A crude efficiency yardstick I've used for a while is "bar.cc/shot" or even better "bar.cc/ftlb". Assuming Bob's Airwolf is doing around 11.5ftlb and has a 400cc cylinder, this would suggest an air usage, from 0.3bar/shot, of 0.3*400/11.5=10.43bar.cc/ftlb. Comparing this to a typical AA 400 series that gives say 80 good shots at 11.5ftlb over a 65bar pressure drop from a 215cc cylinder capacity gives (65/80)*215/11.5=15.2bar.cc/ftlb..
This indicating that the Airwolf is using around 2/3rds the air per shot that the 400 series - not to be sniffed at!
Of course with your equation for calculating the potential energy of the pressurised gas we can view these characteristics as actual efficiencies rather than abstract units that only make sense for comparison to each other.
All good fun
I always thought it is how many pages of the yellow pages the pellet goes through is how you estimate the muzzle energy !!!!!!!!!! well you learn something new everyday.
To measure how much air was used each shot, a friend once attached a deflated balloon to the muzzle of one of his Daystates, lowered the balloon into a bucket of water (to make it easier to calculate the volume of air), and dry fired the rifle. The expression 'dry fire' is perhaps inappropriate in this case, because the rapid expansion of the balloon displaced much of the water out of the bucket.
Indeed I am, Mike. Your posts are always worth reading.
Grand - nice to find you on a commonly-frequented forum!
That's an "interesting" approach to measuring the rifle's air usage - would it not just have been easier (and drier!) to have worked it out from the cylinder volume?
Where's the fun in that?
Ok scrub that one then, I guess you’d have to subtract the barrel volume as well...
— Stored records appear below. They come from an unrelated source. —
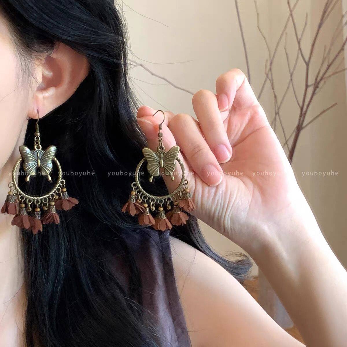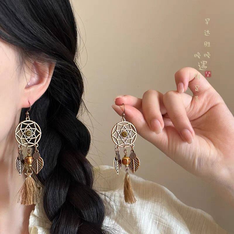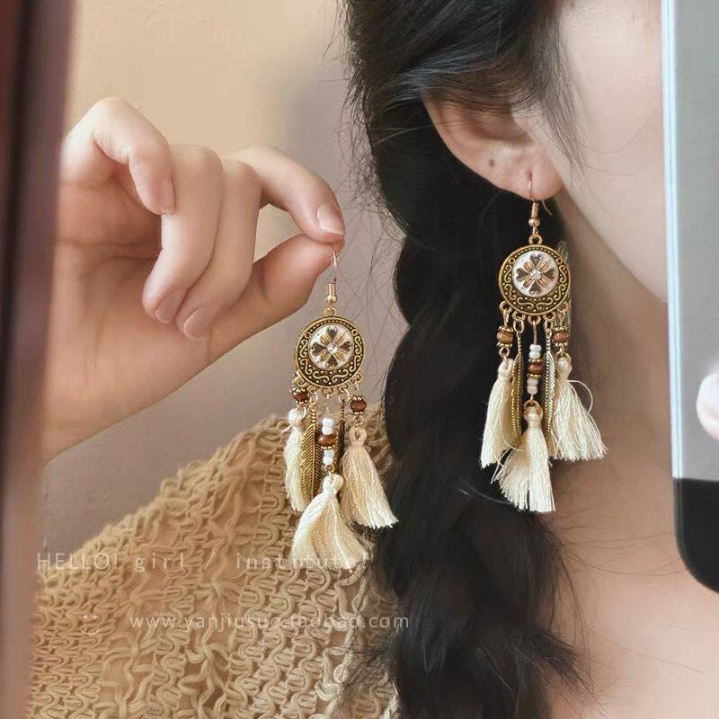 波西米亚长款流苏耳环女高级感度假风个性夸张耳坠复古民族风耳饰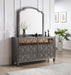 Ash Gray Finish, Hardwood Solids, Hand Applied Brushed Bronze Nail Head Trim
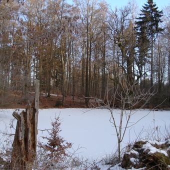 Eiche und Tümpel am Totenpfuhl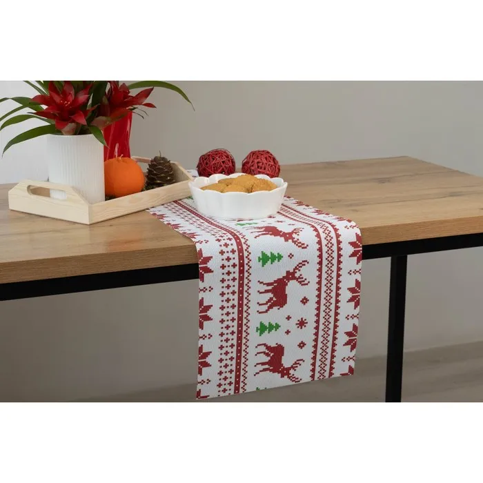 Добавьте в свой дом атмосферу новогоднего волшебства с изысканной дорожкой, ставшей идеальным акцентом для праздничного стола. Яркие красно-белые цвета и стильный дизайн помогут создать уют и радость, которых так не хватает в зимние дни, наполняя его духом праздника и теплом семейных встреч.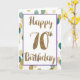 Cartão de 70 de aniversário de balões azuis e dourados para celebrar este marco de aniversário. A frente apresenta um design de ouro brilhante que diz Feliz aniversário de 70 com balões azuis, dourados e dourados ao fundo. A mensagem do cartão dentro pode ser personalizada se desejado. Este cartão de 70 para ela faria uma maravilhosa manutenção de cartas.

Here is a link to a paper describing a model of a springer air rifle....
(PDF) Internal Ballistics of Spring Piston Airguns
I think you might need to join ResearchGate to get access to the paper.
The paper considers many of the factors identified in earlier posts and also some more.
It also references other papers that have looked at modelling air rifles.
Apologies if this paper has already been cited on STB.
And here is link to the same author's work on PCPs. Seven equations but they need to be solved numerically.
(PDF) Internal Ballistics of PCP Airguns
He has also published other work about air riles.
The maths is beyond me.
Is the answer 42?
But I do know that if you can reduce valve bounce by only changing the valve side, it might affect the hammer bounce, but it definitely uses less air. What I don't know is if it changes the recoil over a time period, ie less over longer, or more over less time. Anyway intersting stuff!